◆ **Goal of the exercise**
The entries below contain a line with "Que la aventura" and a line with "Lancaster Bomber in front of assembly.". Quote exactly those two lines and all lines between them.
━━ Given records
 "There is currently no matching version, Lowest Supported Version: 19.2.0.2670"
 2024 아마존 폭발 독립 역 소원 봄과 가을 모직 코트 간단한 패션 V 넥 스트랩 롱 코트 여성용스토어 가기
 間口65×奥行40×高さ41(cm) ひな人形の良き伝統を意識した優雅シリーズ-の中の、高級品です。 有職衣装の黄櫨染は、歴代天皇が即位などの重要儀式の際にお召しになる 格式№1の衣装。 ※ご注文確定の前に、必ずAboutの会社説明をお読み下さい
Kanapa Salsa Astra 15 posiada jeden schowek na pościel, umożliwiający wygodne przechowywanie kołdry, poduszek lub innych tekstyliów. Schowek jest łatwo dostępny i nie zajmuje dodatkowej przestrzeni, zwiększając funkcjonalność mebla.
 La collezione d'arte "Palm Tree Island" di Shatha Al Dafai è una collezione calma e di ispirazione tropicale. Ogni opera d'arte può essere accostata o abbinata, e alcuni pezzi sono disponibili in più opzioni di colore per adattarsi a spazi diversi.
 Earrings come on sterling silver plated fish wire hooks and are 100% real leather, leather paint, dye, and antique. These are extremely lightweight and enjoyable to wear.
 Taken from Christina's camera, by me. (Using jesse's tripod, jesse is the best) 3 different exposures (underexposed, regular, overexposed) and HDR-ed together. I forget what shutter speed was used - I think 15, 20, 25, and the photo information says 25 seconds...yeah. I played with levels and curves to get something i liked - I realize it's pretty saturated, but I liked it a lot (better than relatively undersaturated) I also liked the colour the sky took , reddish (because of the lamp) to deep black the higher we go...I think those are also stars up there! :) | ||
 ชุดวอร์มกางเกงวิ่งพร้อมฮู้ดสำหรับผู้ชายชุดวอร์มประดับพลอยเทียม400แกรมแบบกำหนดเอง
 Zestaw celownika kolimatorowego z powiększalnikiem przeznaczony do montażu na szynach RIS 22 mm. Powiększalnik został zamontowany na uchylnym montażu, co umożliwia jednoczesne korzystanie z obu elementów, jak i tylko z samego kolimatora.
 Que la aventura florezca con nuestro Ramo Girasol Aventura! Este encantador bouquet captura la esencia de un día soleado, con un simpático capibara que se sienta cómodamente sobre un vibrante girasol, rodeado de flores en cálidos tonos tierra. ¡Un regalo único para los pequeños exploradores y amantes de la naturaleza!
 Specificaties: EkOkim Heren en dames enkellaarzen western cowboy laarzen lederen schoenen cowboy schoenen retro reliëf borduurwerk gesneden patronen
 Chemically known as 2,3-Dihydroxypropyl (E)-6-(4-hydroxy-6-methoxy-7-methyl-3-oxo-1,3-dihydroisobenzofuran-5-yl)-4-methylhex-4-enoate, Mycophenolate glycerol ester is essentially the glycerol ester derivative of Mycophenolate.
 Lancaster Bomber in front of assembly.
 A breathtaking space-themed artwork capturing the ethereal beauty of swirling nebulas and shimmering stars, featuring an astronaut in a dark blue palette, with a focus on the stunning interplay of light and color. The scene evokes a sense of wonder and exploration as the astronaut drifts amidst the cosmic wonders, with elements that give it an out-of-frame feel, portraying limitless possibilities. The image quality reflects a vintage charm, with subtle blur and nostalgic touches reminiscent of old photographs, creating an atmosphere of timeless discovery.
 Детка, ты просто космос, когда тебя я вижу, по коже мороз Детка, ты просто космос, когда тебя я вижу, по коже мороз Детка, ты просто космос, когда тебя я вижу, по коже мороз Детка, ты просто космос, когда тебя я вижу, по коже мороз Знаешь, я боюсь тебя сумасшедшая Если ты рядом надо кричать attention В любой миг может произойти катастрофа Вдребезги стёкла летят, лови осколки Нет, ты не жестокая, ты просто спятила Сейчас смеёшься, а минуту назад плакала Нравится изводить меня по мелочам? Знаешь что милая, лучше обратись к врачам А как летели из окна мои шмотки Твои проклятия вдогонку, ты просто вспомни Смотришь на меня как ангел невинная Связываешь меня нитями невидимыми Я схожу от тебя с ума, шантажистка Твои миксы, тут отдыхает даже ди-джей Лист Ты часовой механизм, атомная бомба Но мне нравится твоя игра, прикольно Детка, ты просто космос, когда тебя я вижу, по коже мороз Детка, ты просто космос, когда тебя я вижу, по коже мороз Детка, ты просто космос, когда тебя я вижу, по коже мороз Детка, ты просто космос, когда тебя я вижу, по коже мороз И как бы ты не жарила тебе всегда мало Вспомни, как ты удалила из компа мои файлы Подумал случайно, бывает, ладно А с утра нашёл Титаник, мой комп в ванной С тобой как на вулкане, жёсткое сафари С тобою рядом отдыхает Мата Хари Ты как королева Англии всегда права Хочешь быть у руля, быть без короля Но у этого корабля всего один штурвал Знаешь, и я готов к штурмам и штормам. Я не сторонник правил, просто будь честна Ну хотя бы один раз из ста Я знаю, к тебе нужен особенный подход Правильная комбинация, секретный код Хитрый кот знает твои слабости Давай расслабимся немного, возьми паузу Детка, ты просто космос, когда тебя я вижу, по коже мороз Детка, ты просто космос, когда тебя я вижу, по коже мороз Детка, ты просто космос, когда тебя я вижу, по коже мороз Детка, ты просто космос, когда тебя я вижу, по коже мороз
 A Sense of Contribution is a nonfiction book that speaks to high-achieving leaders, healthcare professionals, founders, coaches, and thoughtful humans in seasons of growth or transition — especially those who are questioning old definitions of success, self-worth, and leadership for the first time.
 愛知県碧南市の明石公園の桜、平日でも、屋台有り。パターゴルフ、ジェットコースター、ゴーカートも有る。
━━━━
◆ **Your solution**
 Que la aventura florezca con nuestro Ramo Girasol Aventura! Este encantador bouquet captura la esencia de un día soleado, con un simpático capibara que se sienta cómodamente sobre un vibrante girasol, rodeado de flores en cálidos tonos tierra. ¡Un regalo único para los pequeños exploradores y amantes de la naturaleza!
 Specificaties: EkOkim Heren en dames enkellaarzen western cowboy laarzen lederen schoenen cowboy schoenen retro reliëf borduurwerk gesneden patronen
 Chemically known as 2,3-Dihydroxypropyl (E)-6-(4-hydroxy-6-methoxy-7-methyl-3-oxo-1,3-dihydroisobenzofuran-5-yl)-4-methylhex-4-enoate, Mycophenolate glycerol ester is essentially the glycerol ester derivative of Mycophenolate.
 Lancaster Bomber in front of assembly.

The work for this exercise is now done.